Each line of the data below between the one containing "Minimalist, loft home" and the one containing "# filter class", both included, is to be repeated exactly. Please omit pictures.

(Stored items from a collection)
━━━━━━

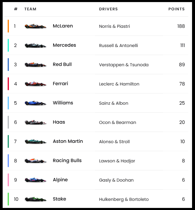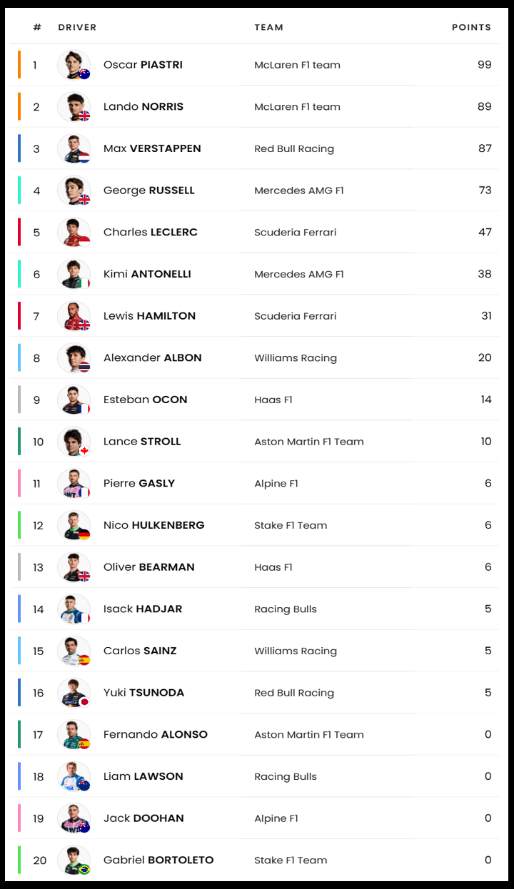 F1 2025 시즌 전체 상황표
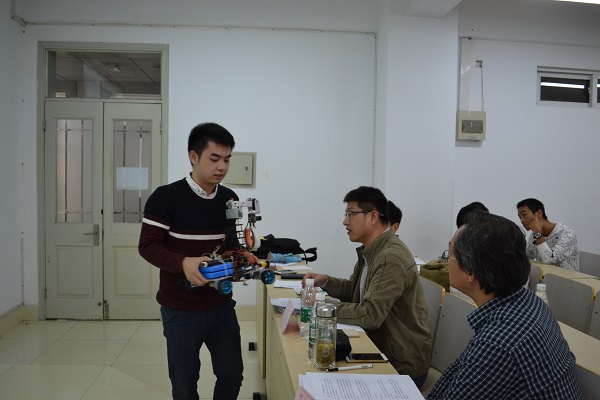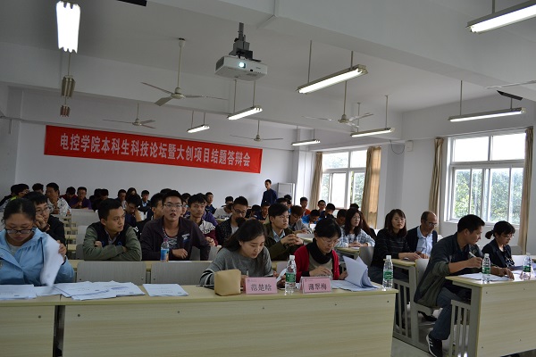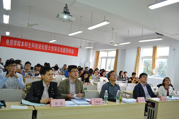 此次竞赛分为现场PPT展示和答辩两个部分。展示阶段,参赛团队向现场专家评委和观众详细介绍了作品的设计理念、实验方法和创新特色;答辩阶段,面对评委老师的询问,选手们多能从容应答,通过胸有成竹的阐述,充分展现了自己的独立创新能力,获得了评委的认可。同时评委老师也为各个作品提出了宝贵的改进意见,同时和同学们交流了一些创新方面的心得。评委老师认真评议,逐一提问及点评。最后,经过评委老师的认真讨论,最终汪欣眉同学所在团队的作品《轴向-径向磁通双凸极永磁电机研究》、郭川同学所在团队的作品《智能巡视小车》等4篇作品荣获本届科技论坛暨大创项目一等奖,刘冀宁同学所在团队的《大气压等离子体射》等8篇作品获二等奖,黄晨同学所在团队的《基于ZigBee技术下的智能照明系统》等8篇作品获三等奖。
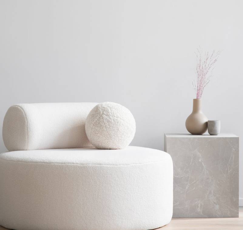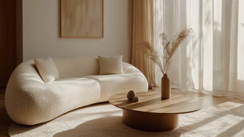 Minimalist, loft home interior design of modern serene and cozy living room with cream boucle sofa and minimalist circular coffee table.
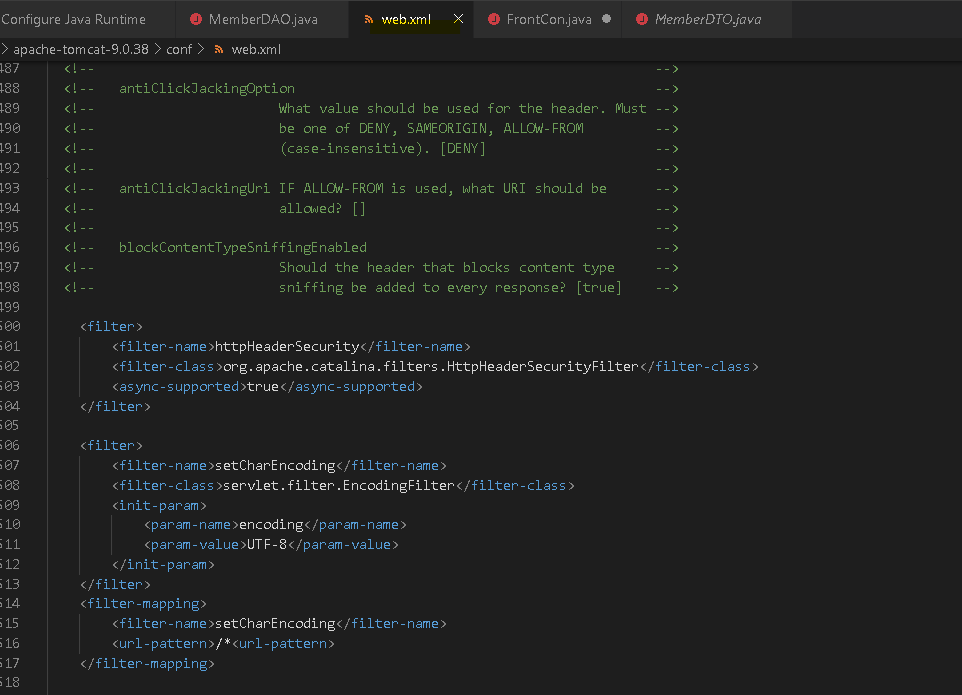# filter class 생성 및 apache tomcate web.xml 파일수정
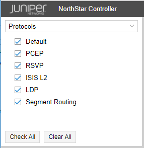 Protocols can be selected or deselected by selecting or clearing the corresponding check boxes. Only network elements that support selected protocols are displayed in the topology map.
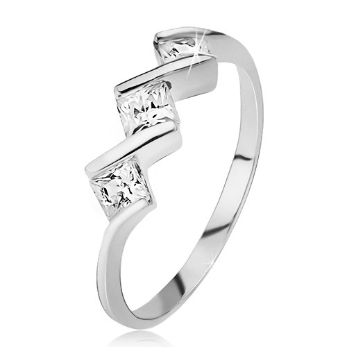 Udělejte si radost produktem Prsten ze stříbra 925 - tři čiré čtvercové kamínky, lesklá cik-cak linie - Velikost: 60 od známé značky za příznivou cenu 319 CZK Kč. Zobrazit více »
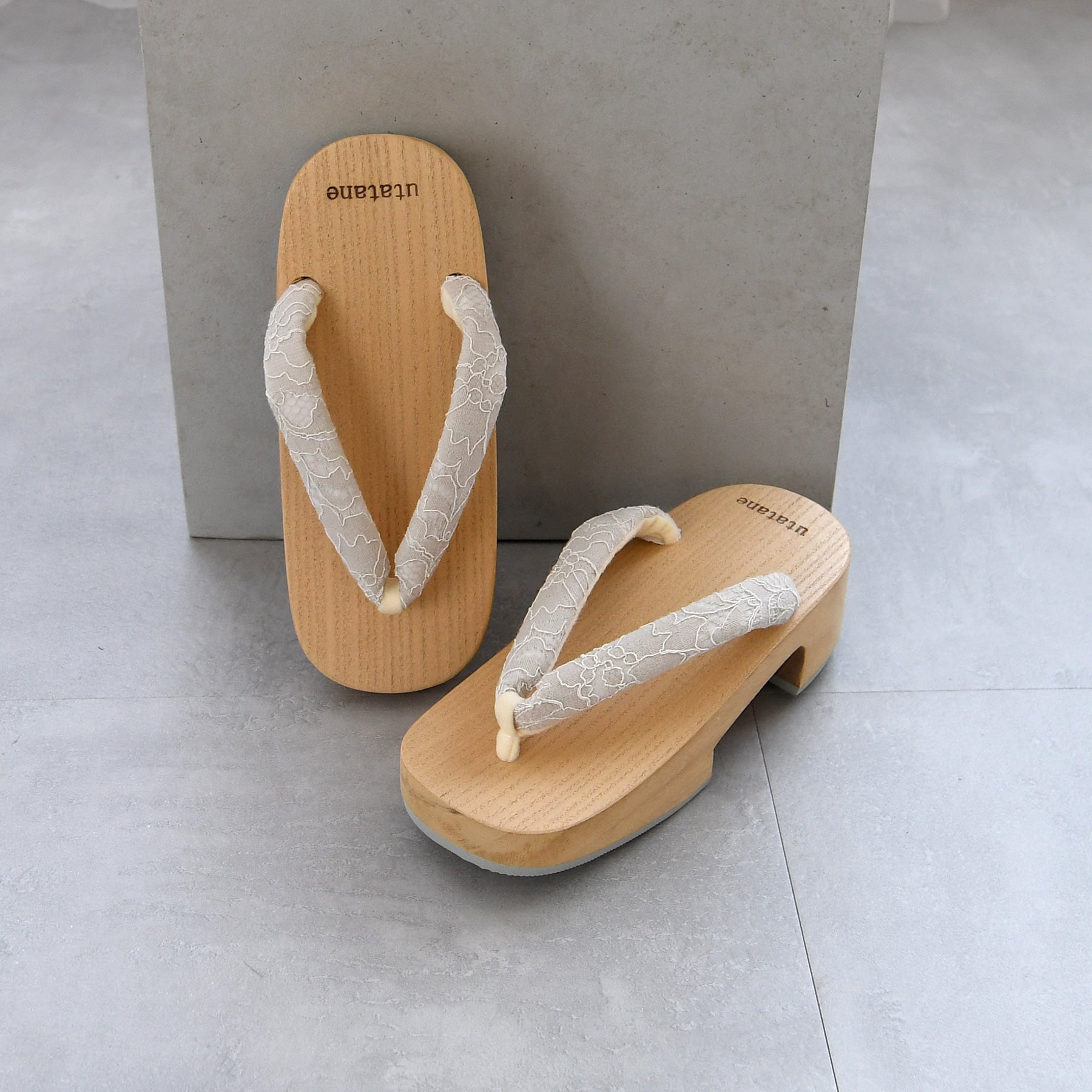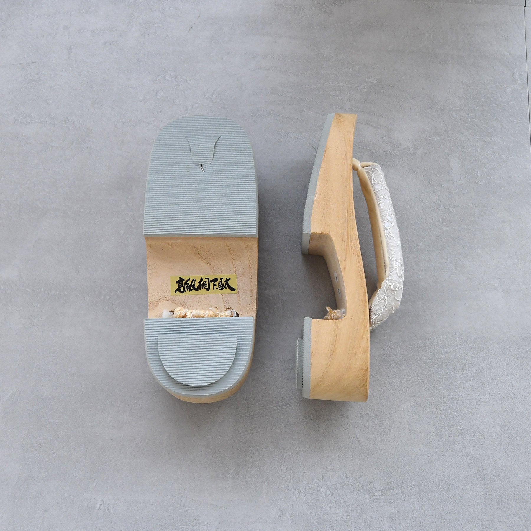 汗を吸収し足裏もベタつきにくいので履き心地が爽やかな白木台座になります。

━━━━━━

_Result for this exercise_.
 Minimalist, loft home interior design of modern serene and cozy living room with cream boucle sofa and minimalist circular coffee table.
# filter class 생성 및 apache tomcate web.xml 파일수정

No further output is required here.